Tyler's CBS was still with him for some reason. I glanced over my shoulder for something to hurl—not that we had a chance. The swinging door to the kitchen was still open, and I could see a carton of a dozen or so cans of organic tomato paste, but we'd all be dead by the time I reached and heaved even one. And I hadn't pitched in baseball since I was twelve.
Tyler stuck his head down to the beaker and smelled it. Ballsy, ballsy. "Smells lousy. What is it?"
"Just drink it."
"What if I don't want to?"
"You will. If you don't, I'll stick Cora with one of these."

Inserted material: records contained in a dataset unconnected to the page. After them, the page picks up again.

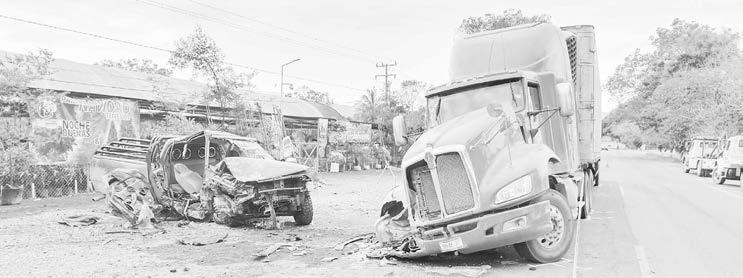 Por lo cual al arribar elementos policiacos confirmaron dicho accidente encontrando una camioneta marca Ford , de color rojo y con placas de circulación XF-4950-B del estado, la cual se encontraba prácticamente destrozada de la parte frontal luego de impactarse contra un tráiler de la marca a Kenworth , de color rojo y con placas de circulación 58-AE-3T del Servicio Público, con razón social de Transportes Car-Fur, de Matamoros
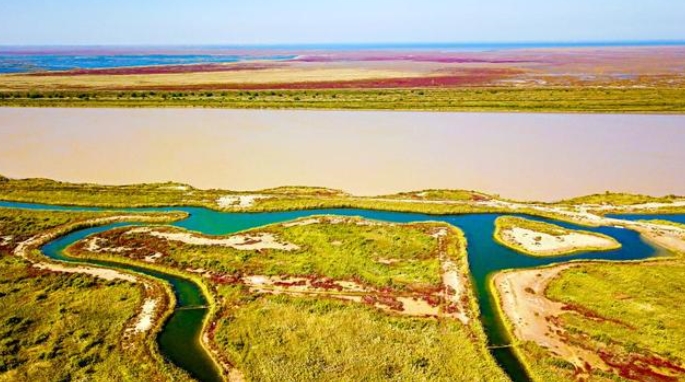 图为山东黄河三角洲国家级自然保护区景色(无人机照片)。新华社记者郭绪雷 摄
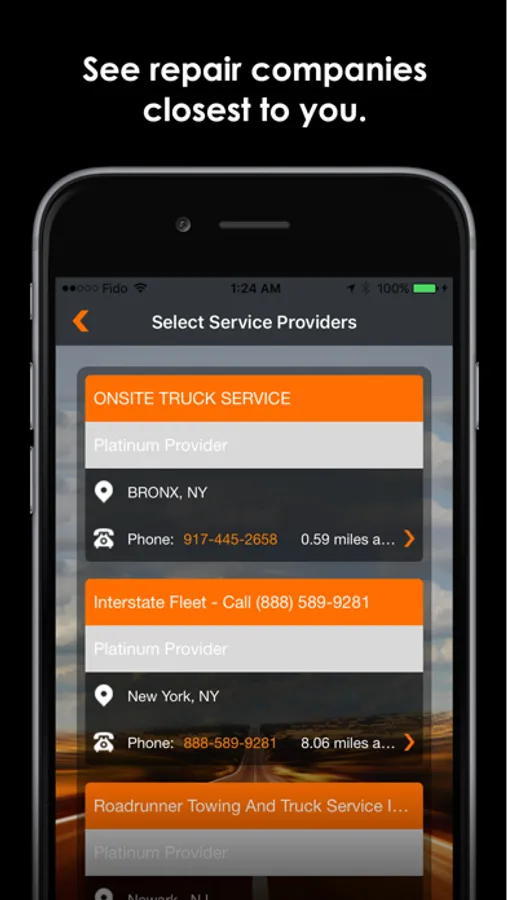 4RoadService for iPhone is used daily by truck drivers and dispatchers throughout the USA and Canada to locate the closest truck stops, truck repair and road service providers where they are most needed: on the road.
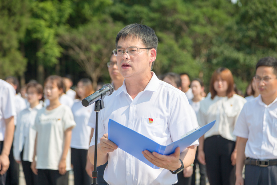 陶书中向新党员表示祝贺。他说,在党的百年华诞即将到来之际,来到烈士陵园开展集中宣誓活动,既是对中国共产党建党100周年的隆重纪念,也是对新老党员的一次深刻党性教育。希望全体新党员,要继承先烈遗志,勇担时代责任,自觉把个人理想、事业追求融入国家富强、民族复兴、人民幸福的历史伟业中。希望全体党员要恪守入党誓言,践行庄严承诺,坚定理想信念,切实把“为共产主义奋斗终身”的誓言,化为脚踏实地的行动;要时刻不忘党员身份,在新形势下、新征程中,用习近平新时代中国特色社会主义思想武装自己,传承红色革命基因,谱写新的瑰丽篇章,为党徽增光,为党旗添彩!
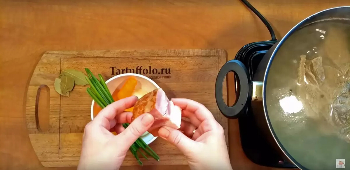 После того как мясо начнёт закипать, нужно уменьшить огонь до минимума и томить его в течение двух часов. Добавление соли и чёрного перца, а также периодическое удаление пены сделают бульон ещё более привлекательным. Небольшой кусочек копчёной грудинки придаст блюду неповторимый вкус.

Henry didn't even move to Cora, didn't hold it to her throat. His confidence stunned me more than his threats did. We couldn't rush him, not considering he was holding something more lethal than a gun. Kansi swung his nunchuks once, which I supposed meant he'd come after me as well, and then they disappeared into his crossed arms again. The whir-spit-whir sound caught Tyler's attention. He looked at me, then at the beaker, and I could see the terror written all over his face.
"Don't waste our time. You're supposed to be dead anyway." Henry was leaning back in his chair, the top still caught up under the door handles, not looking the least bit nervous. "I'm counting backwards for you. Ten. Nine. Eight."

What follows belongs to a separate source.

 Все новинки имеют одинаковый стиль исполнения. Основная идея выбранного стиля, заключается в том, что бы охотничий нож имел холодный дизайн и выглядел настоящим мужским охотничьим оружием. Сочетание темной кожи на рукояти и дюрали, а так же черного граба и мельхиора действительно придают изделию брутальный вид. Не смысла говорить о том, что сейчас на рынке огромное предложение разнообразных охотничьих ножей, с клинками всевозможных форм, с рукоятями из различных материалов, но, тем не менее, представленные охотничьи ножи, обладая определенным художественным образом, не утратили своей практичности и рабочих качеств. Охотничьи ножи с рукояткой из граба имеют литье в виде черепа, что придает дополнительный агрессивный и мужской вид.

Tyler pulled his sense of humor out of his ass. "Can I say grace?"
"You may not. Seven. Six."
"That's a terrible thing. Maybe you're not the only religious guy in this room."
"Five. Four."
"Thanks, God. Amen..."
"Three—"
The rest happened so fast, yet it left an eternity of flash images in my mind. A bang! drew my eyes to Kansi, who dropped his nunchucks and gripped his chest as blood poured through it. Tyler and Shahzad flew under the table, yanking Cora down with them, and Kansi staggered toward Henry, reaching him at the same time my brother did. I dove for Kansi and took him to the floor. I didn't have to hold him down for more than a few seconds. He went limp and was, I presumed, dead, leaving me to stare at my brother, frozen with horror.